Monday, November 25, 2013

Single Minded

"Such a person is double-minded and unstable in all they do." (James 1:8)

  I want to offer my apologies to Mayor Rob Ford.   If you have somehow missed the Rob Ford phenomena, you can look up the current mayor of Toronto on any web browser. There will be plenty of articles and video clips of his antics.  If you do view any of the videos, I would encourage you to make sure the little ones are out of the room.  And probably your Grandmother. And pretty much everyone else. In fact maybe just don't watch the videos at all.

  The Mayor has, in the past few weeks, admitted he smoked crack cocaine, but was probably in a drunken stupor when he did it, been accused of making sexually aggressive remarks to women (which he denied by making a crass and sexually aggressive comment about his wife) gotten in shoving matches, and last week knocked down a 60 year old woman.  Which to him wasn't that big a deal because "I picked her back up."

   I mentioned him in this past weeks sermon.  I brought up the fact that despite all of these things happening, Ford remains fairly unrepentant about his actions and sees no reason as to why he should step down from being the Mayor of Toronto.   He feels he is doing a good job, and his private persona should have no bearing on his public persona.  I mentioned that he probably has a different definition of what it means to be good and effective than many of us do.

  And I don't apologize for what was said.  But I do apologize for making it seem as if Ford is a singular case.  The truth is many of us, perhaps even the majority of people live as Ford does. Hopefully no in a drunken, crack riddled stupor. But many people live two separate lives. There is the life we allow the world to see and the inner life that we hide from everyone.  There is the person we are in front of the world and the person we are when no one sees us.

   We appear one way to the world. good upstanding, kind people. But inside we are ravaged by sinful thoughts, and actions. We say one thing and we do another. There is the person we would like to be, or at least the person we hope everyone thinks we are, and the person we truly are.  At best we hope to keep them in some sort of balanced stasis.

  It would be easy, I suppose to simply say we are hypocrites. but I'm not sure that's a fair labeling.  Most of us truly want to be that good person. We want tobe holy. We don't wish to be controlled by our sins.  We don't like the fact we are dishonest and often selfish and self centered.

  Such a person is, as James says double minded.  The word originally used here could be defined as having two minds or even two souls. I think that hits it pretty well. Ever feel as if you are of two minds. or even two souls? The person you want to be wrestles with the person you don't want to be? How many times have we echoed Paul's anguish from Romans 7 "I do the things I don't want to do, and do the things I don't want to do"? I see no hypocrisy in Paul statement. He truly wants to be good.  But he finds himself unable to do it.

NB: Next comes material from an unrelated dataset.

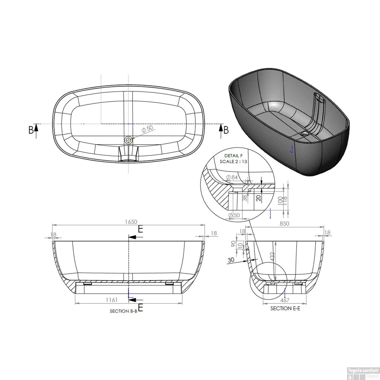 Dit bad is in totaal 57 cm hoog, maar de zitdiepte van het bad is 43.2 cm. Het bad is 85 cm breed en heeft wanden van 1.8 cm dik. De poten zijn geïntegreerd in het bad. Hierdoor hoeft u geen aparte potenset aan te schaffen.

  So if we are all like this, is it that big of a deal? Frankly, yes it is.  Look again at what James says. A person who is of two minds (or souls) is unstable.  Remember when we talk about having that stasis, where we try to keep thw two persons we are balanced? James reminds us we can't do it.  It just doesn't take much to tip us out of balance. And we find yourselves back where we were. We are not nearly as balanced as we think.

  But more importantly it's accepting less than what God wants for us.  When we read Jesus' sermon on the Mount He gives us a great promise that we don't have to live a life of two minds.  We can live with a consistency of inward and outward holiness. We can, in short, live a life of consistency.

  In this day and age I can think of no greater witness to the truth of the claims of the Gospel than living a life so different from everyone else. Not in a "holier than thou" attitude, but living a life so full of God's love and grace that we are of one mind, the mind of Christ.  The church needs a better message than simply "I'm not perfect just forgiven". The world longs for a witness of personal holiness where the church, in all joy and Milty, lives out a consistent faith in the midst of the world.

  The truth of this first warmed my heart to our Wesleyan theological heritage.  It was Wesley's emphasis on a personal holiness that could change the world around us that captured the hearts of the people of Great Britain. It was this promise ,and the evidence of it lived out, that swept like a wildfire though early America. And it is an emphasis on such a life that could capture us again.  Open minds and open hearts makes for a nice advertising campaign. One mind and heart, the mind and heart of Jesus living within us could change the world.